And here is the fourth occasion (just recently):

• [Co-Respondent]: ‘He [Richard] can be right or scizophrenic.
• [Richard]: ‘There are two main ways the word ‘schizophrenic’ is used. For some examples: ‘schizophrenic: 1. (psychiatry) characteristic of or having schizophrenia; 2 (transf. & fig.) characterised by mutually contradictory or inconsistent elements, attitudes, etc’. (Oxford Dictionary). ‘schizophrenic: 1. of, relating to, or affected with schizophrenia; 2. of, relating to, or characterised by the coexistence of disparate or antagonistic elements’. (American Heritage® Dictionary). ‘schizophrenic: 1. of schizophrenia: relating to or resulting from schizophrenia; 2. offensive term: an offensive term meaning characterised by conflicts and contradictions (insult)’. (Encarta Dictionary). As only a psychiatrist – who, unlike a psychologist, is a medical doctor as well – has the necessary professional qualifications to make a diagnosis of schizophrenia (and who would be able to spell the word correctly) it is reasonable to assume you are referring to the second, the transferred and figurative, usage of the word. As it is you who makes the allegation it behoves you to either substantiate your contention, with referenced text which unambiguously demonstrates mutually contradictory or inconsistent elements and attitudes and/or the coexistence of disparate or antagonistic [opposed, antipathetic] elements and/or is characterised by conflicts and contradictions, or withdraw it unconditionally’.

If those four instances, in a period spanning eight years, constitutes a style that is confrontational in your book then all I can say is ‘guilty as charged M’Lud’.

As for requests for evidence, proofs: am I to take it that, according to you, anyone can say whatever about anything without substantiating it?

RESPONDENT: Do you think that is a sensible way to discuss things?

RICHARD: If asking another to substantiate what they are saying is not a sensible way to discuss things then the word ‘sensible’ may as well be expunged from the lexicon.

RESPONDENT: Or is it that you want to set the other person right, by verbal thrashing.

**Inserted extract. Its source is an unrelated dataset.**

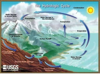 The hydrosphere includes all water on Earth's surface and subsurface in liquid or frozen form, such as oceans, seas, lakes, rivers and groundwater. It covers 70% of Earth's surface, primarily as oceans, and provides habitat for many organisms. Water cycles between reservoirs in the hydrosphere, atmosphere and geosphere through evaporation, condensation and precipitation in a continuous circular motion.

RICHARD: If asking another to substantiate what they are saying represents verbal thrashing, where you come from, then I am well-pleased not to be there.

September 09 2005

RESPONDENT: [Richard]: ‘6. Peace-on-earth can become apparent to anyone at all irregardless of gender, age or race because the perfection of the infinitude of this spatial and temporal universe is already always here at this place in infinite space ... now at this moment in eternal time’. (www.actualfreedom.com.au/richard/articles/aprecisofactualfreedom.htm). I think the word irregardless should be changed to regardless.

RICHARD: Both words mean the same thing. Vis.:

• ‘irregardless: = regardless [without regard to or consideration of something; despite the consequences, nonetheless]’. (Oxford Dictionary).

December 28 2005

RICHARD: ... when I was first catapulted into an actual freedom from the human condition I was astonished to discover that beauty had disappeared (I had trained as an art teacher and had made a living as a practising artist). Howsoever I was to discover that beauty is but a pale imitation of the purity of the actual. Even so, it was initially disconcerting (to say the least).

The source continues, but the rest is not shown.